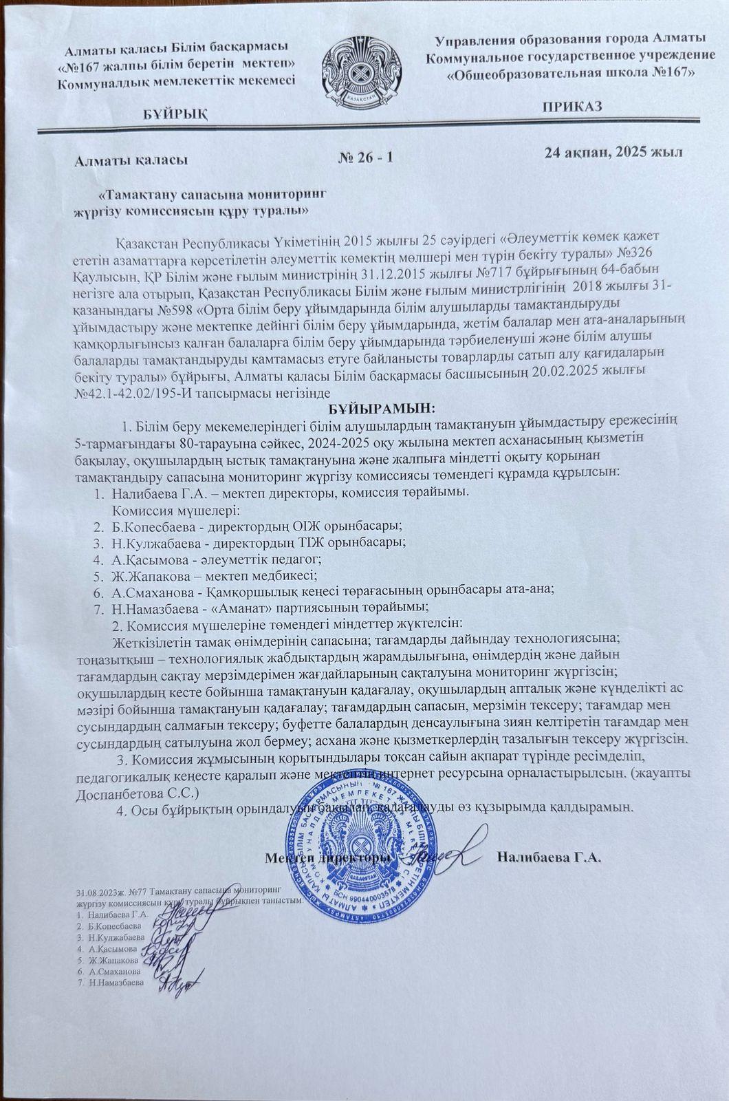 24 февраль 2025 0 1 2 3 4 5 "Тамақтану сапасына мониторинг мониторинг жүргізу комиссиясын құру туралы" №26-1 Бұйрық Осы беттің QR-коды:QR-код этой страницы:
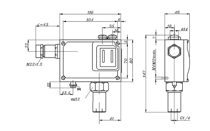 505/7D壓力開(kāi)關(guān)外形尺寸及安裝尺寸(單位:mm)
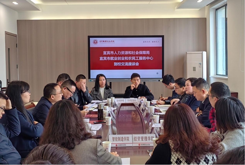 为做好宜宾市第四届农民工技能大赛筹备工作,3月14日下午,宜宾市人力资源和社会保障局、宜宾市就业创业与农民工服务中心朱兵一行到我院开展调研交流。座谈会在学院勤勉楼211会议室召开,学院党委常委、副院长朱涛出席会议并讲话。
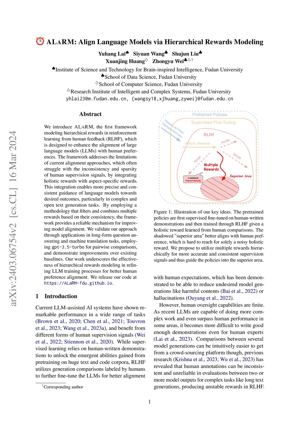 We introduce ALaRM, the first framework modeling hierarchical rewards in reinforcement learning from human feedback (RLHF), which is designed to enhance the alignment of large language models (LLMs) with human preferences. The framework addresses the limitations of current alignment approaches, which often struggle with the inconsistency and sparsity of human supervision signals, by integrating holistic rewards with aspect-specific rewards. This integration enables more precise and consistent guidance of language models towards desired outcomes, particularly in complex and open text generation tasks. By employing a methodology that filters and combines multiple rewards based on their consistency, the framework provides a reliable mechanism for improving model alignment. We validate our approach through applications in long-form question answering and machine translation tasks, employing gpt-3.5-turbo for pairwise comparisons, and demonstrate improvements over existing baselines. Our work underscores the effectiveness of hierarchical rewards modeling in refining LLM training processes for better human preference alignment. We release our code at https://ALaRM-fdu.github.io.
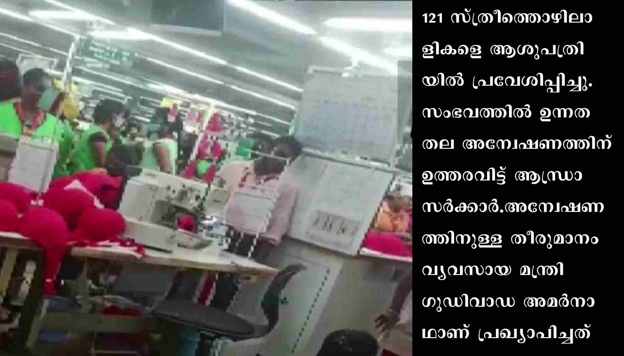 അനകപ്പള്ളി (ആന്ധ്രാപ്രദേശ്): അനകപ്പള്ളി ജില്ലയിലെ വസ്ത്രനിര്മാണശാലയില് വാതകചോര്ച്ച. 121 സ്ത്രീത്തൊഴിലാളികളെ ആശുപത്രിയില് പ്രവേശിപ്പിച്ചു. സംഭവത്തില് ഉന്നതതല അന്വേഷണത്തിന് ഉത്തരവിട്ട് ആന്ധ്രാ സര്ക്കാര്.അന്വേഷണത്തിനുള്ള തീരുമാനം വ്യവസായ മന്ത്രി ഗുഡിവാഡ അമര്നാഥാണ് പ്രഖ്യാപിച്ചത്. അന്വേഷണം പൂര്ത്തിയാകുംവരെ കമ്പനി അടച്ചിടും. കഴിഞ്ഞ രണ്ട് മാസത്തിനിടെ രണ്ടാമത്തെ വാതക ചോര്ച്ചയാണിതെന്നും മന്ത്രി ചൂണ്ടിക്കാട്ടി.ജൂണില് വിശാഖപട്ടണത്തെ അച്യുതപുരത്തുള്ള ലബോറട്ടറിയില് വാതക ചോര്ച്ചയുണ്ടായി. അന്ന് 178 സ്ത്രീ തൊഴിലാളികളാണ് രോഗബാധിതരായത്. തുടര്ന്ന് ചോര്ച്ചയുടെ കാരണം കണ്ടെത്താന് സര്ക്കാര് സംയുക്ത സമിതി രൂപീകരിച്ചിരുന്നു.
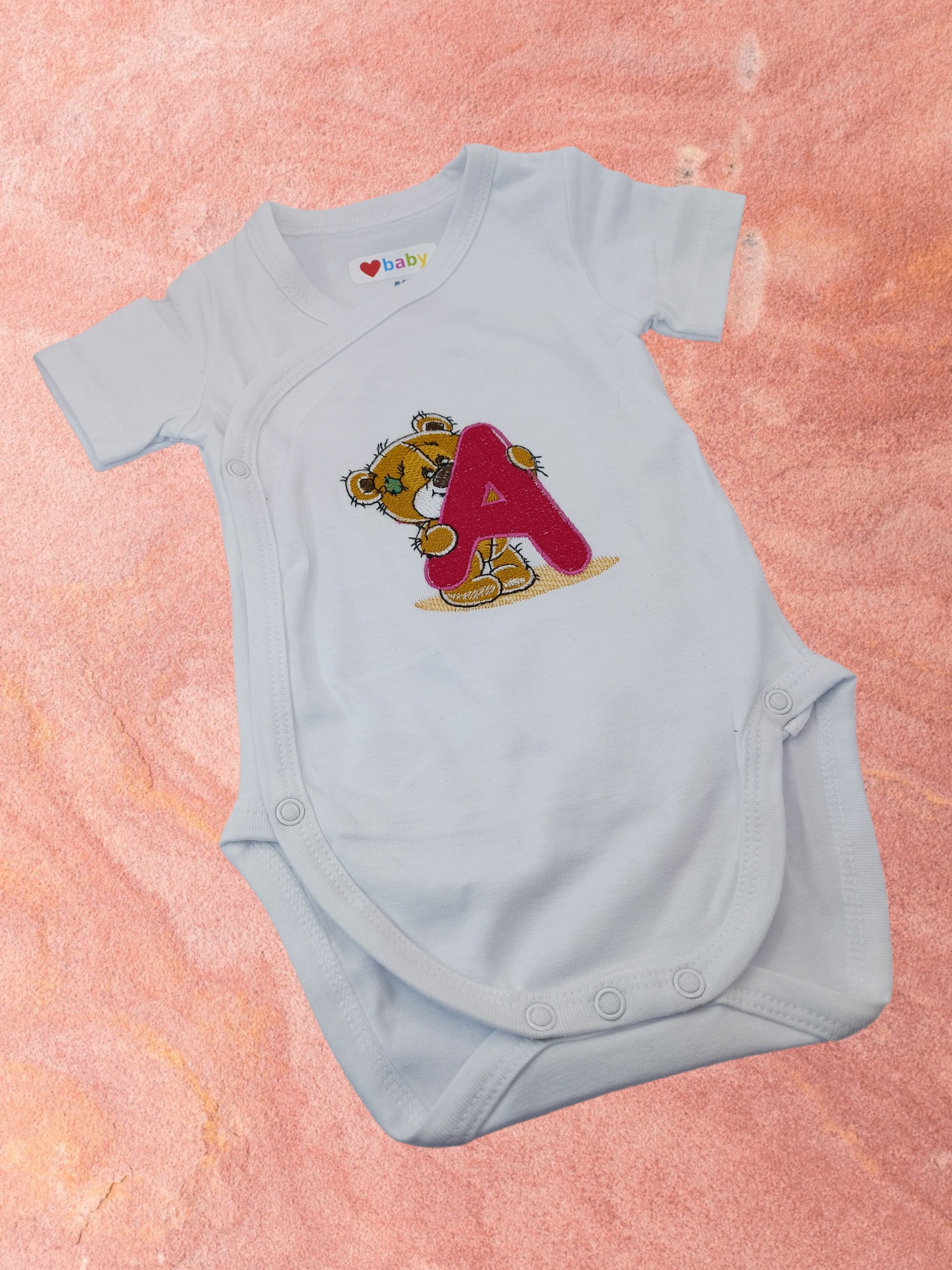 kwaliteitsvol rompertje met een schattige geborduurde afbeelding met de eerste letter naam baby naar keuze !
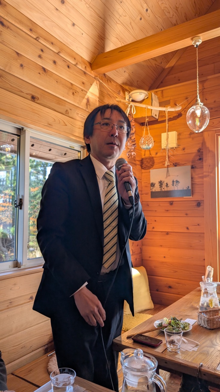 食事中に優勝チームから一人一人がご挨拶。沼田幹事も挨拶しました。
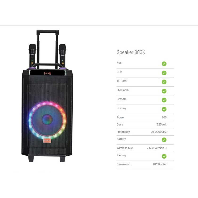 Speaker Bluetooth GMC 883K / Speaker Aktif 10" Portabel dengan Suara Super Bass free 2 MIc

.....

Exercise directions:
The response should hold only an exact retyping of the lines from the beginning of the data through the line containing "为做好宜宾市第四届农民工技能", both ends kept, pictures omitted.

Output of the task:
 24 февраль 2025 0 1 2 3 4 5 "Тамақтану сапасына мониторинг мониторинг жүргізу комиссиясын құру туралы" №26-1 Бұйрық Осы беттің QR-коды:QR-код этой страницы:
 505/7D壓力開(kāi)關(guān)外形尺寸及安裝尺寸(單位:mm)
 为做好宜宾市第四届农民工技能大赛筹备工作,3月14日下午,宜宾市人力资源和社会保障局、宜宾市就业创业与农民工服务中心朱兵一行到我院开展调研交流。座谈会在学院勤勉楼211会议室召开,学院党委常委、副院长朱涛出席会议并讲话。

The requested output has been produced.